Repeatedly typing out CartesianIndex multiple times when defining a cage makes reading code difficult, so I’m going to instead create a constructor method that converts an inputted vector of tuples into a vector of CartesianIndices. Here are all fifteen cages from my MathDoku puzzle instantiated as Cage structs.

c1 = Cage(30, times, [(1, 1), (1, 2), (1, 3)])
c2 = Cage(7, plus, [(1, 4), (1, 5)])
c3 = Cage(2, equals, [(1, 6)])
c4 = Cage(30, times, [(2, 1), (3, 1), (4, 1)])
c5 = Cage(2, times, [(2, 2), (2, 3)])
c6 = Cage(21, plus, [(2, 4), (2, 5), (2, 6), (3, 5)])
c7 = Cage(2, divide, [(3, 2), (4, 2)])
c8 = Cage(4, times, [(3, 3), (3, 4)])
c9 = Cage(90, times, [(3, 6), (4, 5), (4, 6), (5, 5)])
c10 = Cage(90, times, [(4, 3), (5, 2), (5, 3)])
c11 = Cage(3, equals, [(4, 4)])
c12 = Cage(1, equals, [(5, 1)])
c13 = Cage(120, times, [(5, 4), (6, 3), (6, 4), (6, 5)])
c14 = Cage(3, minus, [(5, 6), (6, 6)])
c15 = Cage(1, minus, [(6, 1), (6, 2)])

my_cages = (c1, c2, c3, c4, c5, c6, c7, c8, c9, c10, c11, c12, c13, c14, c15);
Side Note

Cages that belong to the same MathDoku puzzle are not supposed to overlap (i.e., share cell coordinates). Checking for this requirement is also outside the scope of this article.

Assembling the MathDoku Puzzle

Armed with all the necessary components, we can now define our MathDoku puzzle as the set of cages that define it. To calculate the MathDoku puzzle’s size, we sum up the lengths of each cage’s coordinates vector and calculate the square root. This is an important part of the MathDoku puzzle’s definition, as it is a key requirement for how the linear program is instantiated; I’m going to include it as a part of the struct as well by creating a constructor method that calculates it.

A MathDoku puzzle.
struct MathDoku
    """Cages belonging to the MathDoku puzzle."""
    """Size length of the MathDoku puzzle."""
    """Instantiate a new MathDoku puzzle by inputting the cages that define it."""
    function MathDoku(cages::Tuple{Vararg{Cage}})
        return new(cages, Int(√sum([length(cage.coords) for cage in cages])))
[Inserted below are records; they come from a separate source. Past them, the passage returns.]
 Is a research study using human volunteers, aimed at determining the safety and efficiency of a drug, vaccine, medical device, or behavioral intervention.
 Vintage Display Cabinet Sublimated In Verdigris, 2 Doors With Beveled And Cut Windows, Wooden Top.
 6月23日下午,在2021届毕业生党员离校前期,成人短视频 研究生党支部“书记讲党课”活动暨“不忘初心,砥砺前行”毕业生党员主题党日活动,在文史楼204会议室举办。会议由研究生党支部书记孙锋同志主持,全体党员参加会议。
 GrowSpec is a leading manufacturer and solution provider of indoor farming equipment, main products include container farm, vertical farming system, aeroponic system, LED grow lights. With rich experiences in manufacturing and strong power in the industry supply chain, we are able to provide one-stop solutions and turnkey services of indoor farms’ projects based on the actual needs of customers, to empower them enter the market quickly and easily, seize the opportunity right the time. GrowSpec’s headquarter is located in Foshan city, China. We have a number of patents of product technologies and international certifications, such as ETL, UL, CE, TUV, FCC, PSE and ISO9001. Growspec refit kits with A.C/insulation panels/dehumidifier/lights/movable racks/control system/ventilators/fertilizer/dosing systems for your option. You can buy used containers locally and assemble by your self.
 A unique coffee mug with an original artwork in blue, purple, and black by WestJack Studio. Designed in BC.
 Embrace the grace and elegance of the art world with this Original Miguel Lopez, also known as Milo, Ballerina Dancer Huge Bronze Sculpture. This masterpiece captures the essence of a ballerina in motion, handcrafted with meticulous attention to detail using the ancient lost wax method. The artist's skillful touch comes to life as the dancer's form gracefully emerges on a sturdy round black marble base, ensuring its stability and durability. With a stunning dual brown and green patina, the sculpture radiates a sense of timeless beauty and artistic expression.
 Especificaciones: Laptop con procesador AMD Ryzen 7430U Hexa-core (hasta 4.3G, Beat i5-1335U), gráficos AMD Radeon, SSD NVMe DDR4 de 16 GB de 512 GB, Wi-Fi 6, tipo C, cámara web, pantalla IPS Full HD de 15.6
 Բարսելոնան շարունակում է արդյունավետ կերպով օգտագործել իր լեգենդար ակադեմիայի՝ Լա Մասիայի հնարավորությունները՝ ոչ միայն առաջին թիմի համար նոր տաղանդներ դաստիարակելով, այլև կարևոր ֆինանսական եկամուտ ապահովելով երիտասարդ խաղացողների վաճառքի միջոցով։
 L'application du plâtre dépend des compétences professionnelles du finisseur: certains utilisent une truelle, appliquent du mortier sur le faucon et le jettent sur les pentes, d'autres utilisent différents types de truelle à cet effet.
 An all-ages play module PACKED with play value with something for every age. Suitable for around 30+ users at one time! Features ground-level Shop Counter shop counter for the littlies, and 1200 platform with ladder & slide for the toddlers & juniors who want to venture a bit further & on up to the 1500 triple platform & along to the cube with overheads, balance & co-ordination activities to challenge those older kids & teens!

Let’s define the MathDoku puzzle we want to solve. We’ve already defined its cages, so we can reuse them in the definition.

md = MathDoku(my_cages);

Solving the MathDoku

Now that we have our MathDoku, let’s solve it using mixed-integer programming.
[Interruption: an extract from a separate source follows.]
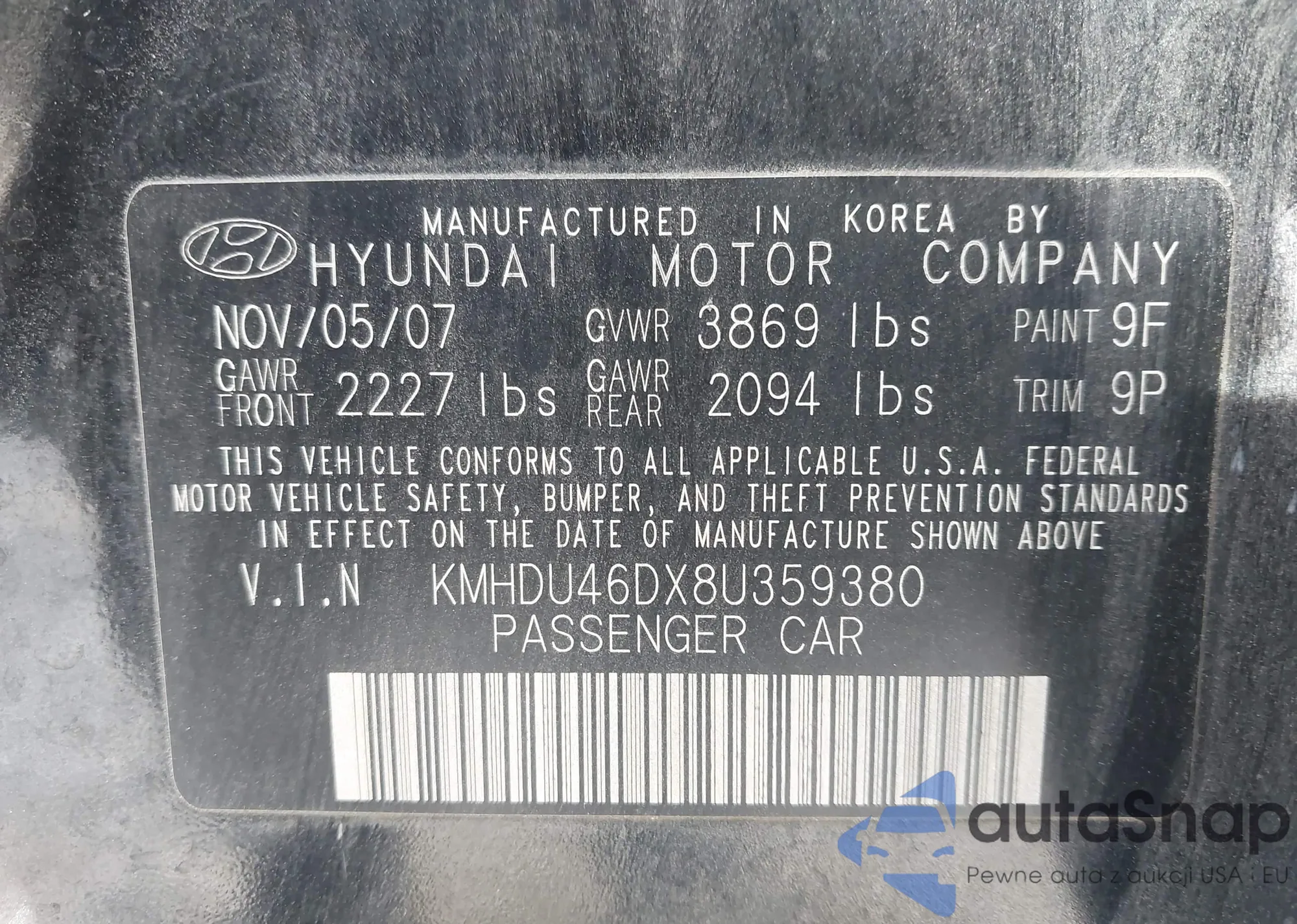 • VIN KMHDU46DX8U359380

md_model = Model(HiGHS.Optimizer)
A JuMP Model
Feasibility problem with:
Variables: 0
Model mode: AUTOMATIC
CachingOptimizer state: EMPTY_OPTIMIZER
Solver name: HiGHS

Each cell in an N-by-N MathDoku puzzle has a possibility of being any one of N numbers from 1 to N, but can only be one number at a time. So, we can represent these values for a single cell as a one-hot encoded vector of binary values with size N where the position of the true value in the vector corresponds to the value of the cell.

For example:

[false, true, false, false, false, false] => 2

We have one of these vectors for each cell in the MathDoku puzzle, so we can represent this as an N-by-N-by-N multidimensional binary array C. The first dimension corresponds to the values stored in each row of the puzzle, the second dimension corresponds to the values stored in each column of the puzzle, and the third dimension corresponds to which digit is stored in which cell. The candidate vectors for row i and column j are stored in the 1-by-1-by-N “tube” that contains all elements located in row i and column j of the multidimensional array.
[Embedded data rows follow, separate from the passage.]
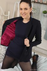 The gorgeous Zuzanah is back to show off her long, lovely legs in this free gallery from ONLY SECRETARIES. She is wearing a secretary outfit that includes a blue blazer over her tight blue minidress. She is also wearing a pair of high heels and black pantyhose on those incredible legs of hers. Zuzanah removes her jacket and those strappy open toe shoes to give us a better look at those cute nylon-clad feet. Watch as she pulls the dress up over her head and shoulders to tease us in her bra and panties before reaching behind her back and removing her bra. Those tits look quite lovely, don’t they? Zuzanah finishes off her photo shoot by pulling down her nylons to give us a better look at those lace panties. If you’re a fan of sexy babes in secretary uniforms and pantyhose, I highly recommend you check out Only-Secretaries by clicking HERE!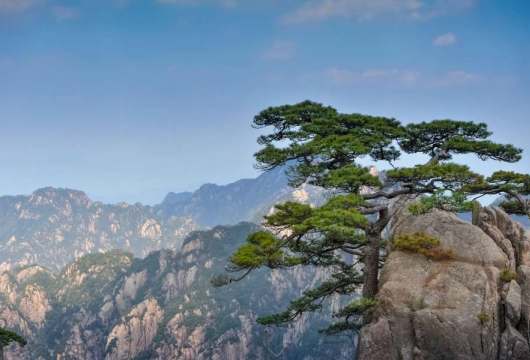 往玉屏楼观景区(视体力情况而定),途径鳌鱼峰、百步云梯、孔雀戏莲花等景点后,观黄山十大名松的---迎客松、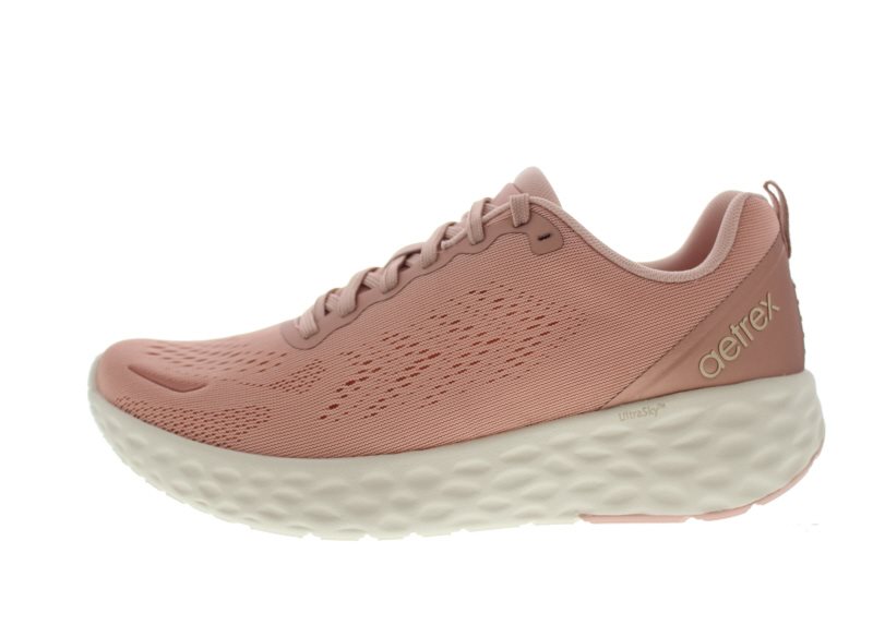 Aetrex dames lichtgewicht lifestyle sneaker, model Danika. Roze synthetisch materiaal. Valt tussen een wijdte G en H, geschikt voor de iets bredere voet. Uitneembaar voetbed. Het onderwerk zorgt voor een aangenaam dynamisch en schokdempende afwikkeling. Geschikt bij een geïrriteerde peesplaat, achillespees en hielspoor. De dempende afwikkelzool heeft een goede grip en tractie. Ook geschikt bij gelimiteerde afwikkelklachten van de grote teengewricht, hallux valgus en bunion.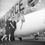 Miss Virginia Lattimore, 17, follows through on a mighty swing to christen a B-52F Stratofortress "The City of Fort Worth" as J. Frank Keeton, mayor pro tem, watches during ceremonies at Carswell Air Force Base. The plane will be flown by Carswell teams in competition for the Fairchild Trophy at Spokane, Washington.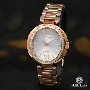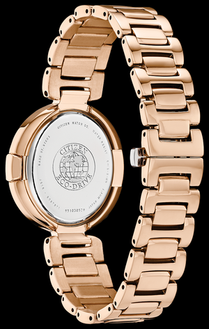 CITIZEN® reaches a new modern standard with its Capella collection. Elegant curves, seamless aesthetics, and technical expertise are all highlighted by the original watches in this collection. Diamond model shown with a deep rose gold stainless steel case and bracelet and a silver dial with an integrated crown, creating a harmonious structure. Equipped with CITIZEN's Eco-Drive technology and powered by light, in all its forms. Never needs a battery.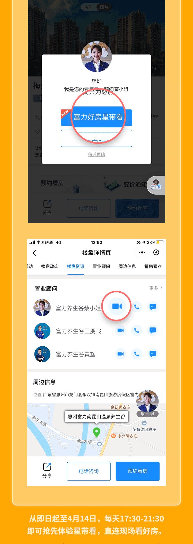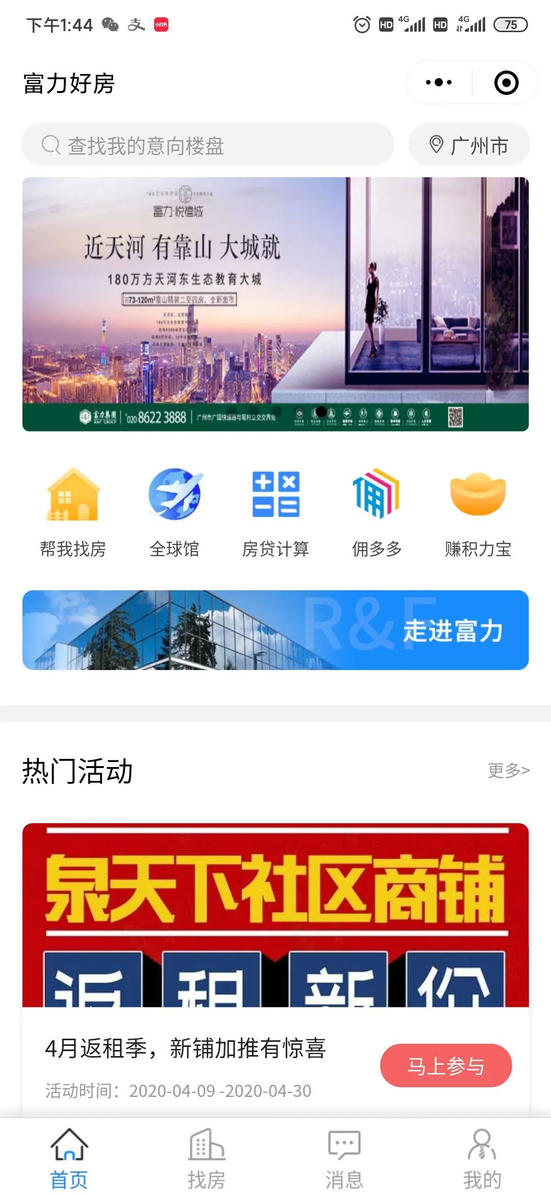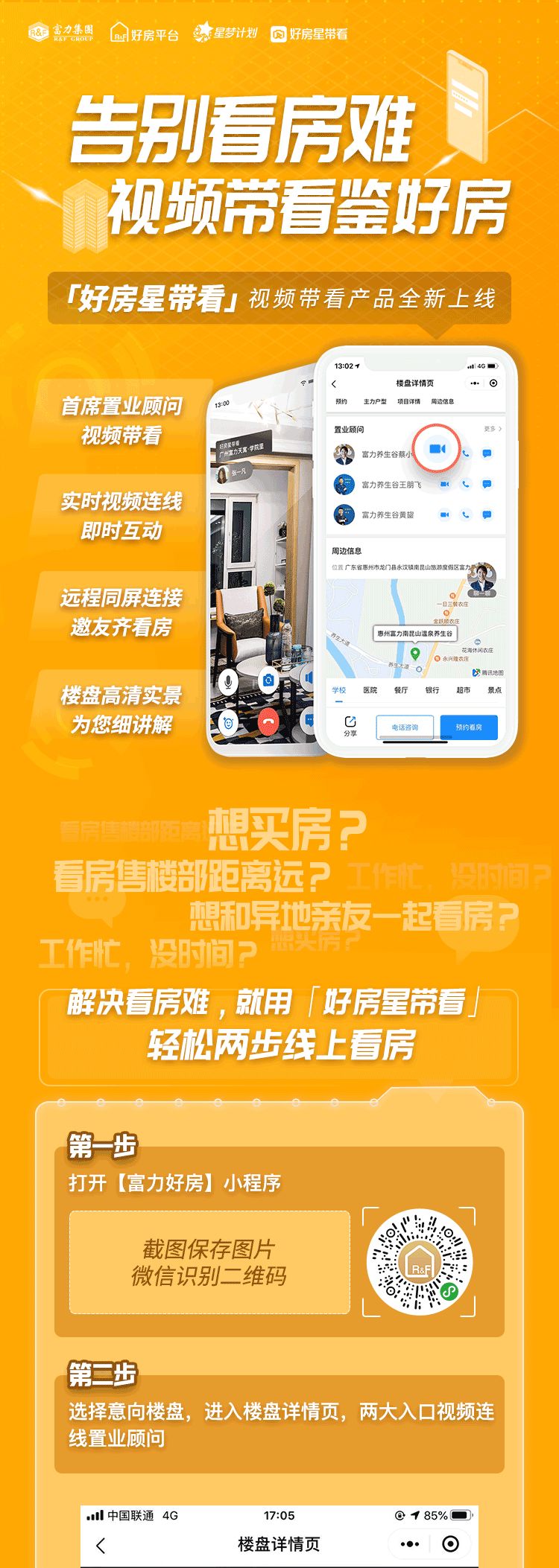 诚然,富力“好房平台”极致体验化的产品体验背后是富力对于房地产营销正在加速实现从传统线下到线上化的进程市场需求,以及客户需求、服务需求的深刻洞察。富力敏锐的意识到获客方式和体验场景的变化。于是,相较于竞品而言,“好房平台”小程序中的新功能“好房星带看”无论是视频带看体验的创新和和后续的认购环节上都做到了极致化体验创新。这是“好房星带看”在众多产品中脱颖而出的原因之一,而我们回顾疫情之下富力以往的营销打法会发现,营销升级与创新早已成为富力营销活动中不可缺少的环节。 不同于其他房企临时推出的线上营销举措,其实早在年初富力集团就正式启动了“好房子,网购吧”创新营销行动;3月20日,富力又将“好房子,网购吧”活动正式升级为“好房子,线上购”,也收获不少线上成交订单。如此亮眼成绩,少不了“好房平台”的全面赋能!

\[ c_{i,j,k} = \begin{cases} 1 & \text{if cell }(i, j) = k\\ 0 & \text{otherwise} \end{cases} \quad \forall \left(i, j, k\right) \in \{1, \ldots, N\}^3 \]

@variable(md_model, candidates[row=1:(md.size), col=1:(md.size), digit=1:(md.size)], Bin);

Row, Column, and Candidate Constraints

Since we know that the MathDoku puzzle is based on a Latin square, we know that there can only be one number of each type per row and column. To do this, we begin adding constraints to our candidate variables such that every row of candidate variables and column of candidate variables must sum to one. As previously mentioned, we also need to constrain the candidates so that only one value in each 1-by-1-by-N tube is true at a time.2

This leads to the following constraints:

\[ \begin{aligned} \text{rows: } & \sum_{i = 1}^{N} c_{i,j,k} = 1 \quad \forall \left(j, k\right) \in \{1, \ldots, N\}^2 \\ \text{columns: } & \sum_{j = 1}^{N} c_{i,j,k} = 1 \quad \forall \left(i, k\right) \in \{1, \ldots, N\}^2 \\ \text{candidates: } & \sum_{k = 1}^{N} c_{i,j,k} = 1 \quad \forall \left(i, j\right) \in \{1, \ldots, N\}^2 \\ \end{aligned} \]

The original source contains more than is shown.